Most impressive of all is a sheet of paper bearing the signatures of all 15 sluggers who hit 500 homers. Centered on a poster board, the sheet is surrounded by each player's autographed baseball card. No one but Halper has the signatures of the 15 legends together, mostly because the 500-homer players' careers--from Ruth to Eddie Murray--span 83 years of baseball history.
Despite his awesome accumulation, Barry Halper is not a typical example of what's happening with the business of baseball collecting. The "hobby" includes cheats and those who would trade their mother for a 1952 Mickey Mantle Topps card. What's happening out there?
"It's disgusting," says Halper with the emotion of someone who watched a favored child turn bad. "I always say, wherever there's money to be made, it promotes thievery. People take a fake signature and put it in a picture with Mickey Mantle and sell it for $500. I can tell most of the time, but I've also been fooled." As evidence, he shows me a Mantle item, pointing out how the connection of the "n" and the "t" in Mantle's signature is suspect.
Then there was the fiasco involving Lou Gehrig. Babe Ruth had stationery that said "Babe Ruth, New York" across the top. Using this idea, one recent swindler had stationery printed that read "Lou Gehrig, New York" across the top. In a typed letter to an unknown person named George, Gehrig writes, "Bet on us to win the AL East this year." Someone going to this length to defraud people should realize that there was no AL East until 1969, 31 years after Gehrig's alleged letter was written. Halper adds a second evaluation of the forgery: "Gehrig's real stationery read 'Lou Gehrig Larchmont, New York' across the top." Larchmont was the town in Westchester County that Gehrig called home.
The industry scandals will continue. Fake signatures, phony authenticity certificates, out of sight prices for big-name autographs, surly behavior from the athletes--the baseball collectibles enterprise is a veritable Field of Schemes. Just ask Mark Jordan.
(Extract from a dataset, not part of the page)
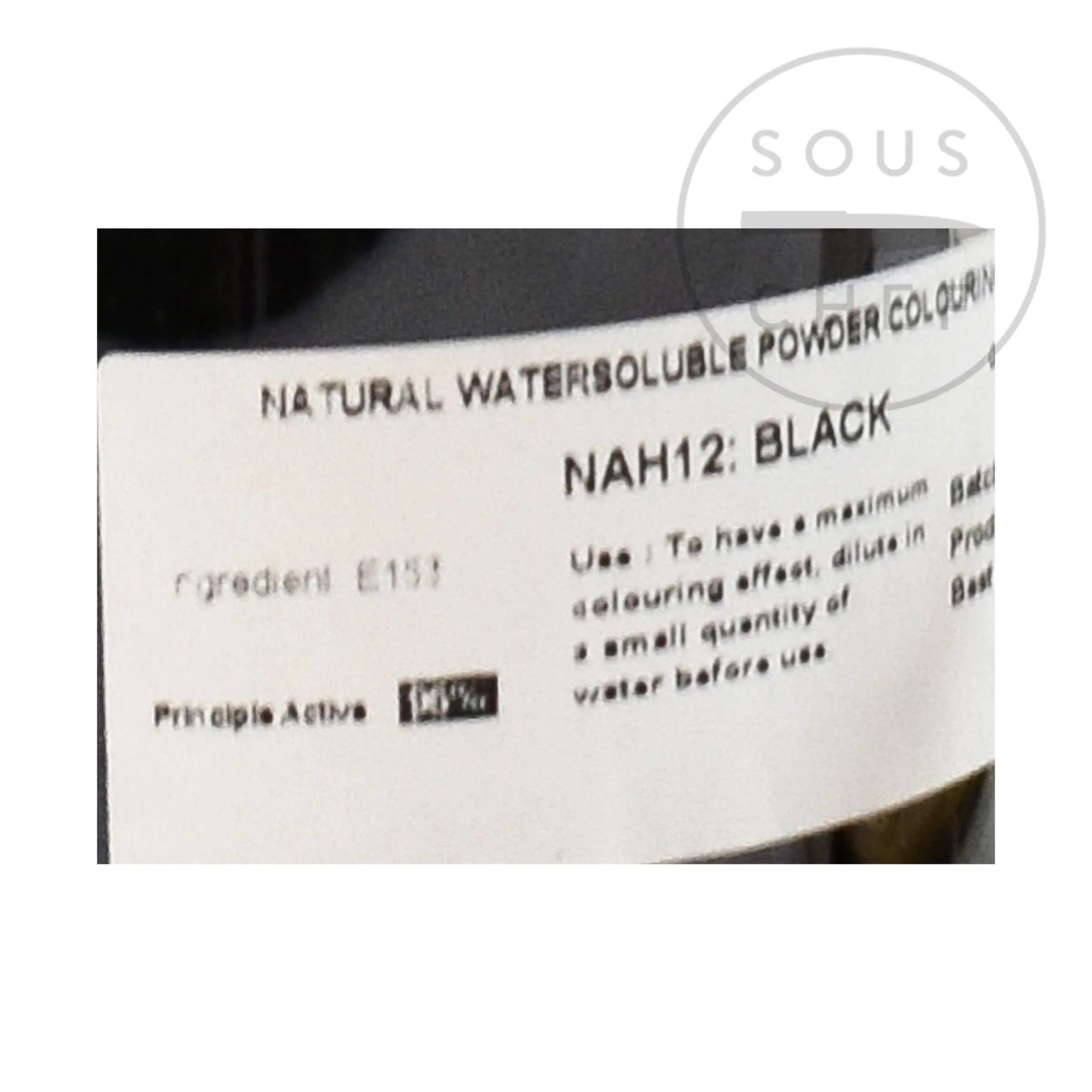 This professional natural black food colouring is perfect for sweet and savoury foods alike. It’s water-soluble, but – made from charcoal powder – the powder consistency of the colouring means that it doesn’t further dilute wet mixtures.

Jordan is the owner of Mark Jordan Inc., a business located in The Ballpark in Arlington, Texas, where the major league Rangers play. His business is authenticating and selling signatures. Jordan, 42, got his start in 1967, the first of five years as a batboy in St. Petersburg, Florida. "That's when I got real interested researching what was good and what was not," Jordan says. "Some of the unauthentic signatures around are pieces that bat boys and clubhouse and p.r. people sign for players.